I've laid down my block cards for the last two weeks. There are only so many Venser-backed Tumble Magnets that one man can try to attack into before he gets sick of it. The advantage of having such a small format is there are only a limited number of decks to learn, which is also its Achilles heel—Block can quickly become stale, facing the same cards over and over again.

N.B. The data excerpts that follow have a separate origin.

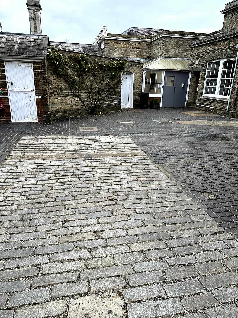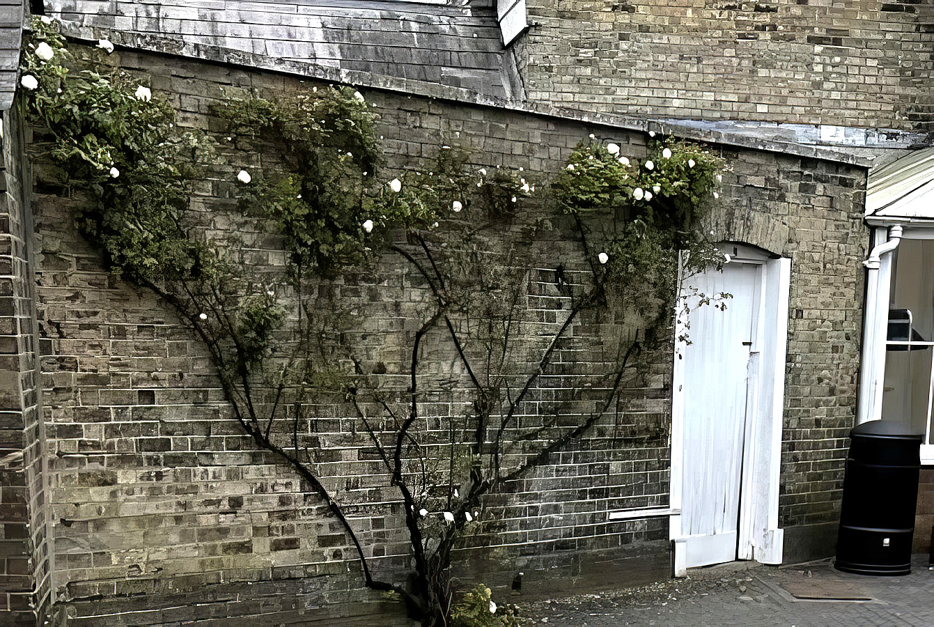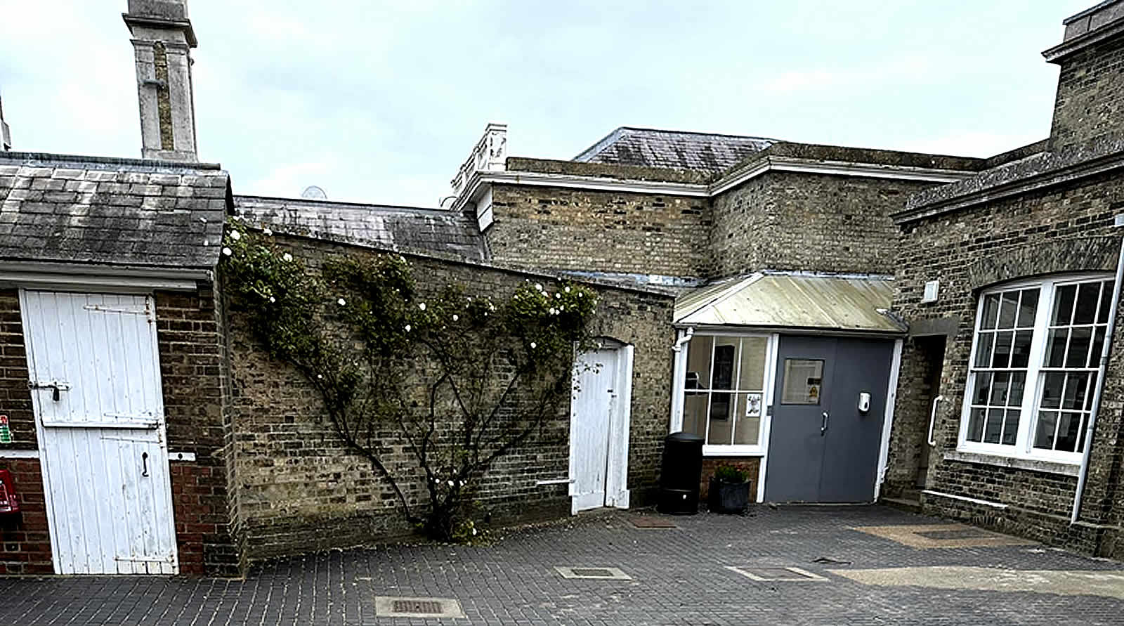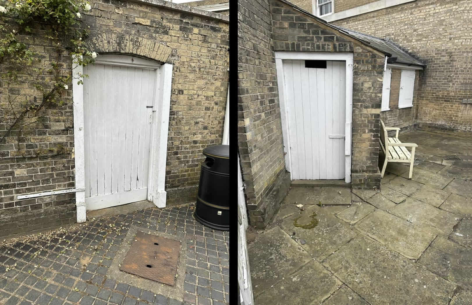 | Mark Howell: "This looks like the courtyard at the west wing of Berners. On the right was the Deputy-Head Mr Hudson's house, and on the left out of sight was Peter Sadler's house. Looking at the aerial view it seems there was another courtyard behind the white door in the middle. This wing in the 74-80 era was where there was a careers/university/polytechnic details room, an old printing-press room, Corners House lockers room? and Stretch Poole’s French room that had an anteroom used for Mrs Newman-Saunders to teach French as well - and where some Latin lessons took place.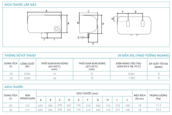 Điện năng tiêu tốn duy trì 75°C trong 24h: 0.861 KWH/24h at 75°C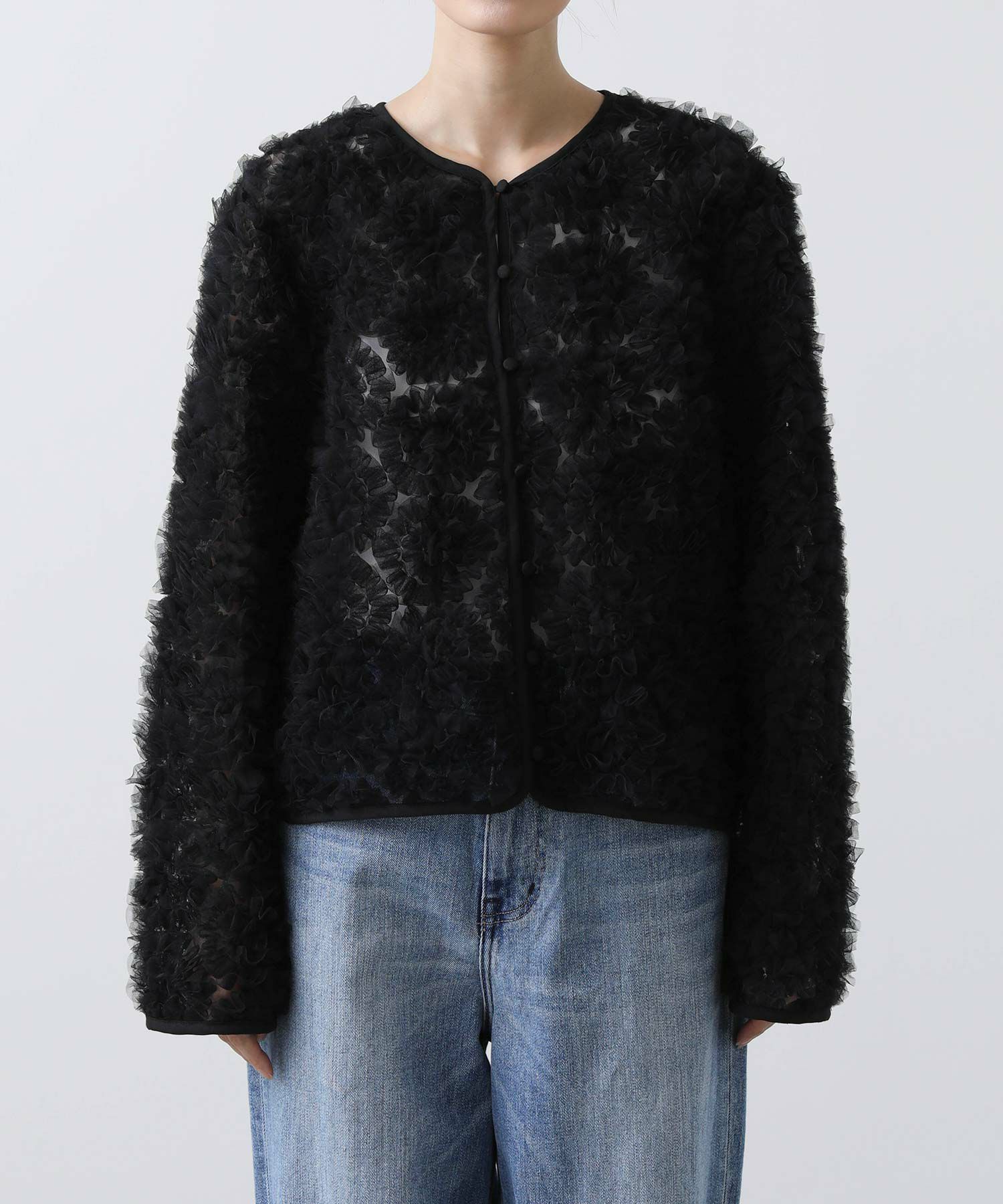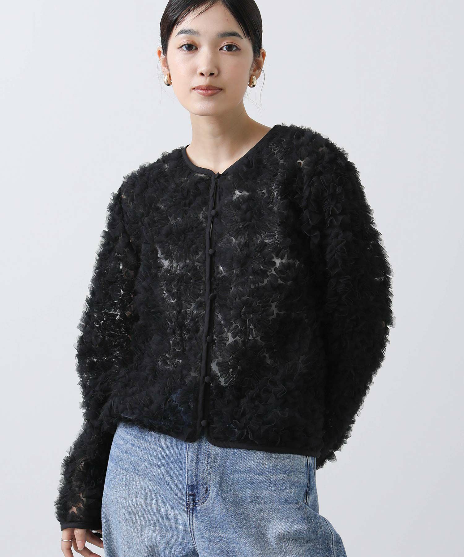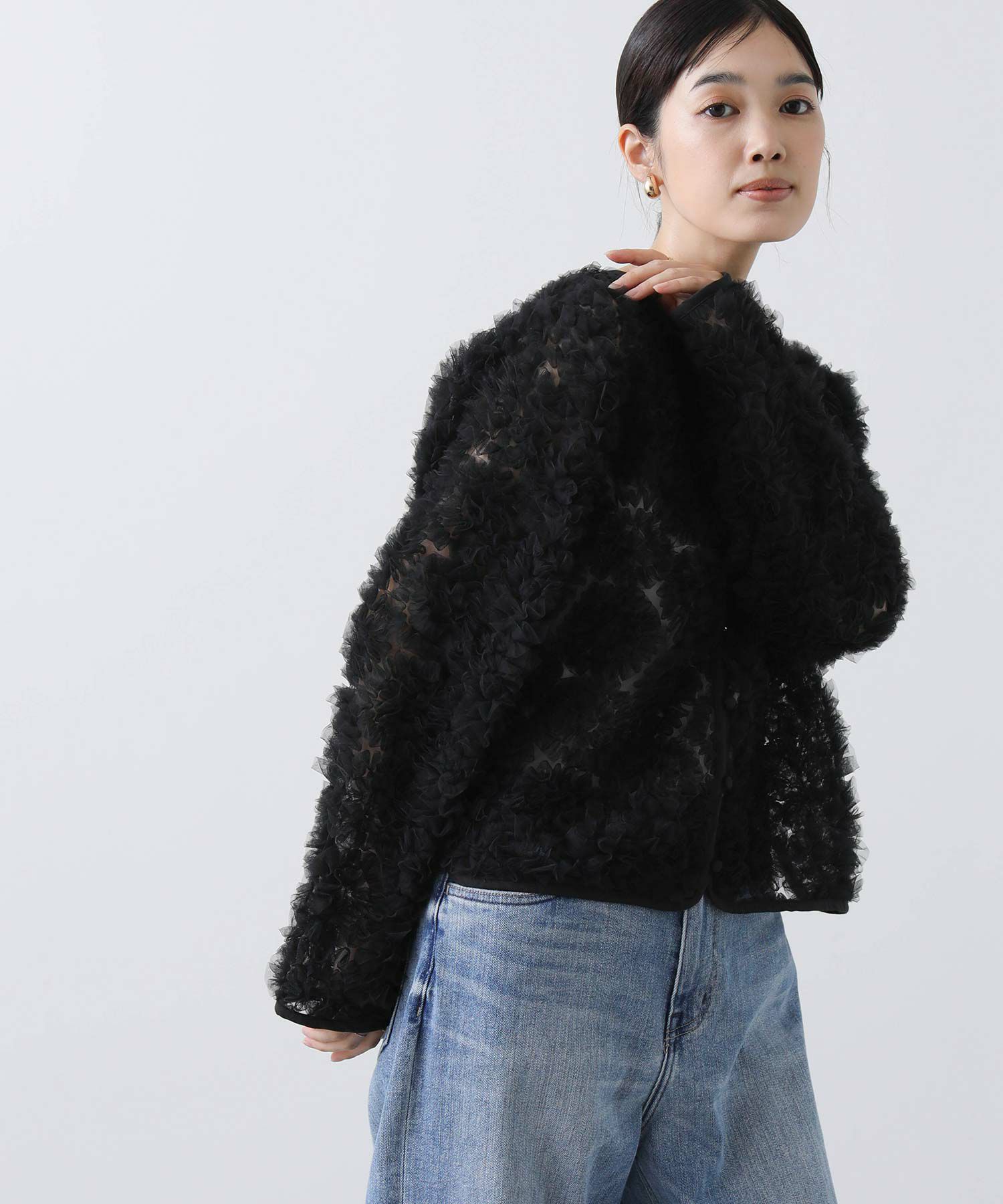 【TorrazzoDonna/トラッツォドンナ】から、凹凸感のあるチュールレースのジャケットをセレクト。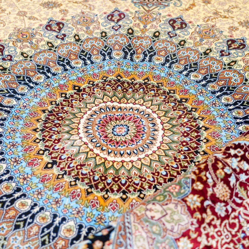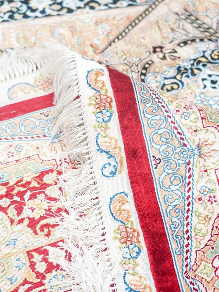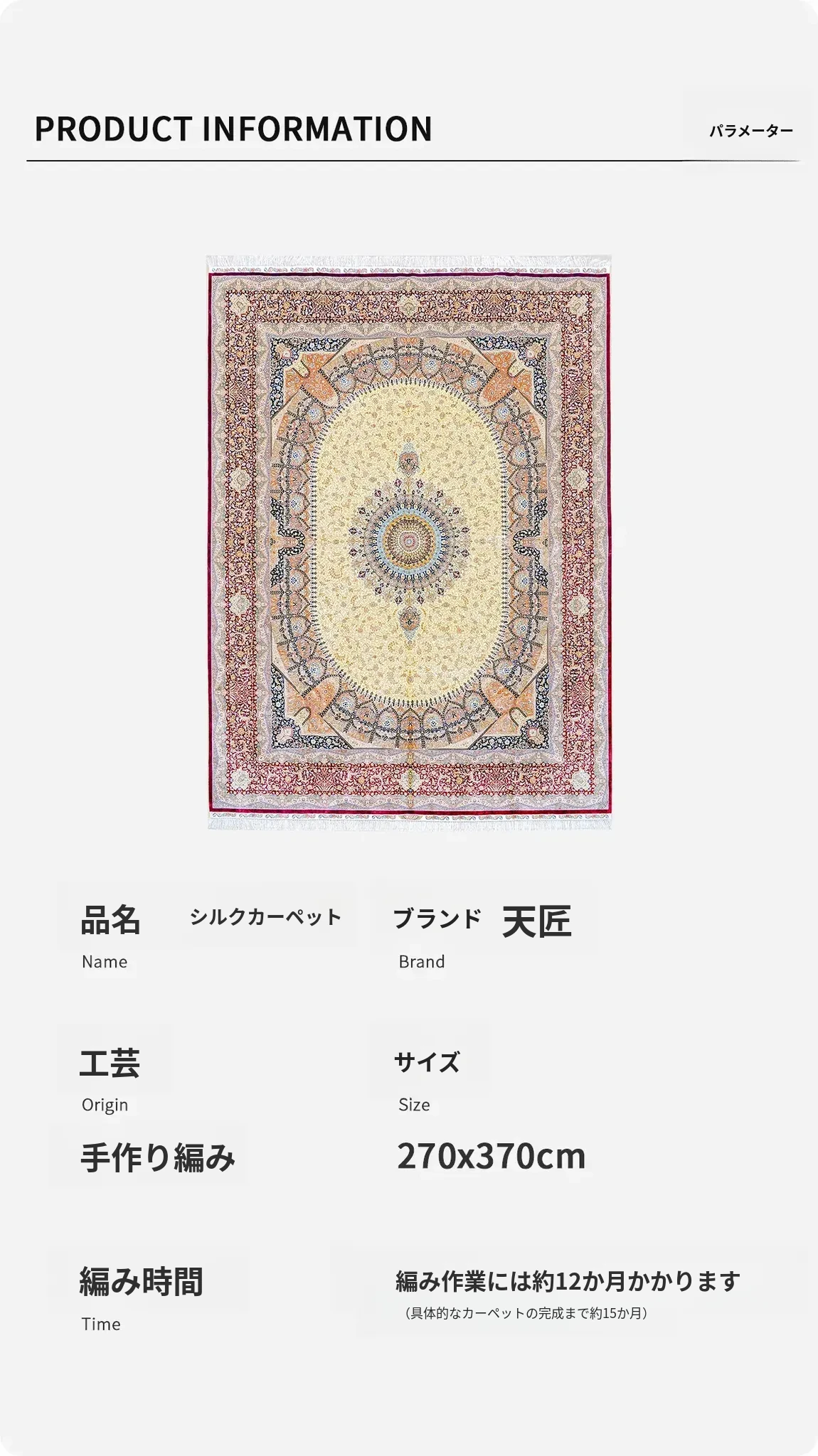 匠心手作!高級真絲ラグ—270x370cmのベッドサイドマット。短毛で滑らかな触感、贅沢な寝室空間を演出します。日本のお部屋にもぴったりのエレガントなデザイン!

At the other end of the spectrum is Legacy, a format so huge and so wide-open that you never know what you're going to face. Last weekend I discovered that I unknowingly owned a Legacy deck, thanks to Blake Cunningham's win at the SCG Open. To build his winning Tezzeret Affinity list, the only old nonbasics I had to buy were the common artifact lands and Blinkmoth Nexuses, and the only really expensive cards were the ones I already had from my Block collection—Tezzeret and Mox Opal. I jumped in the Tournament Practice room and played a dozen or so matches, and I don't think I faced the same deck twice. In one game, my opponent played Ancient Tomb, Lotus Petal, and Show and Tell putting Emrakul into play. On turn one. In another game, I vomited my hand onto the table, including Cranial Plating, and won on turn three. At the other extreme, I had a game stall-out against Goblins—he couldn't draw lands, and I couldn't draw anything but, and he didn't want to attack his Piledrivers into my Frogmites. Eventually, he won on turn twelve by Tutoring for Skirk Prospector and Goblin Sharpshooter to virtually Plague Wind me while he was on 2 life. On the other side of the coin, this huge and varied format means to switch decks will cost me an arm and a leg, while in Block I own nearly every card and can switch at the click of a button.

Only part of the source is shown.